Dagenham: Tony Roberts, Shane Huke, Glen Southam, Jon Nurse, Dave Rainford (Benson, 63), Scott Griffiths, Anwar Uddin (c), Ben Strevens, Ross Smith, Peter Gain, Mark Arber
Subs: Dave Hogan, Sam Sloma, Paul Benson, Chris Moore, Solomon Taiwo
Town: Glyn Garner, Graeme Lee, Marc Pugh, Kelvin Langmead, Ben Herd, Ben Davies (c), Asa Hall, Steve Leslie, Andrew Cooke (Hibbert, 64), Marc Tierney, Kevin McIntyre
Subs: Scott Bevan, Dave Hibbert, Luke Jones, Chris Humphrey Jimmy Ryan
Ref: C Boyeson
Assistant: W Atkin, D Buck
Fourth Official: O Saliy
Att: 1686 (261 away)
There are two changes from the side that lost 2-1 away to Macclesfield last week, with Dave Hunt missing through injury and Luke Jones dropping to the bench. In come Graeme Lee - signed on a season long loan deal from Doncaster on Thursday - and Steve Leslie.
Daggers kicked off with a strong wind at their backs looking to end a run of three straight defeats, which had been preceded with 5 consecutive victories. Those fifteen points had seen the Essex club - sponsored by a local undertaker - come back from the dead after looking like relegation favourites just six weeks ago.
The opening quarter of an hour saw neither keeper called into action with Glen Southam getting a long range effort away early on, but though there was plenty of pace on the strike, the accuracy was lacking.
Town's first goalbound effort came from Steve Leslie but Tony Roberts in the home goal was able to gather comfortably at the second attempt.
Any purists among the sparse crowd inside Victoria Road were in for an afternoon of disappointment, with the weather conditions making for an ugly encounter. Seldom could there have been so little to report in thirty minutes of football.
Shrews grabbed a vital lead on 34 minutes through Andy Cooke. Ben Davies took a free-kick by the corner flag, Asa Hall flicked on at the near post which Roberts kept out initially. Marc Pugh headed back towards goal and in the resultant scramble, Cooke gleefully hammered the ball home from around six yards. Like most of what had gone before it, it wasn't aesthetically pleasing but no-one from Shropshire cared.
Ben Strevens did have the ball in Town's net two minutes before the interval but he was flagged offside before beating Glyn Garner, and so the away side held the slenderest of half-time leads.
H-T: 0-1
Town were grateful to Ben Herd five minutes into the second half when he intercepted Jon Nurse's teasing cross. The centre-forward had run onto a ball from Southam after the midfielder capitalised on some sloppy play from Leslie.
Despite the blue skies, the floodlights flickered into life during the interval, but with 60 minutes on the clock, the game showed little signs of doing likewise.

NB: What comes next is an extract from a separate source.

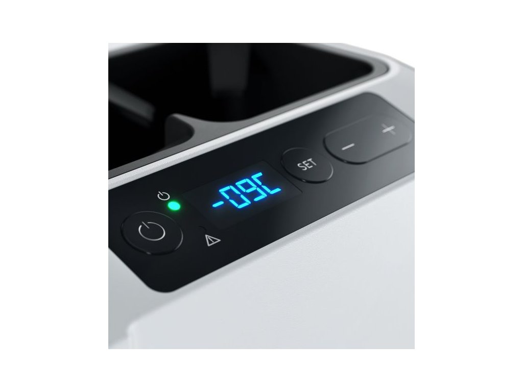 Lednice je připravena k připojení na 12 V / 24 V DC i 100–240 V AC. Je vybavena elektronickým termostatem a energeticky úsporným provozem, vhodným i pro dlouhodobé použití z baterií.

Dagenham were snatching at the few opportunities they had been limited to, with Nurse the chief protagonist.
Paul Simpson replaced goalscorer Cooke with Dave Hibbert midway through the half. It had been a tireless display from the frontman whose goal remained the difference between the two sides.
The visitors came within inches of doubling their advantage when new boy Lee nodded down a Marc Tierney free-kick. Asa Hall made room for the shot and his effort went agonisingly wide with Roberts beaten.
In the next attack the Southerners levelled through substitute Paul Benson who swivelled in the box and put a left foot shot high into the top corner of Garner's goal. It was the eleventh time this season that a lead had been surrendered. At two-nil with just over twenty minutes left, the hosts would have faced a Herculean task, but the goal gave them a noticeable lift and it was (poor) game on again.
The fierce winds that had blown across this tiny ground in the opening 45, had subsided dramatically but still the fare was pretty miserable. Results at this stage of the season are far more important than performances, but both sides knew the value of a win with up to ten teams still involved in deciding the league two relegation places.
The first of three consecutive matches for Town against teams battling against the drop, ended in parity. Points are precious and this one could yet prove to be a useful platform on which to build, as Shrews look for only their second win in 17 games - starting against Notts County on Monday.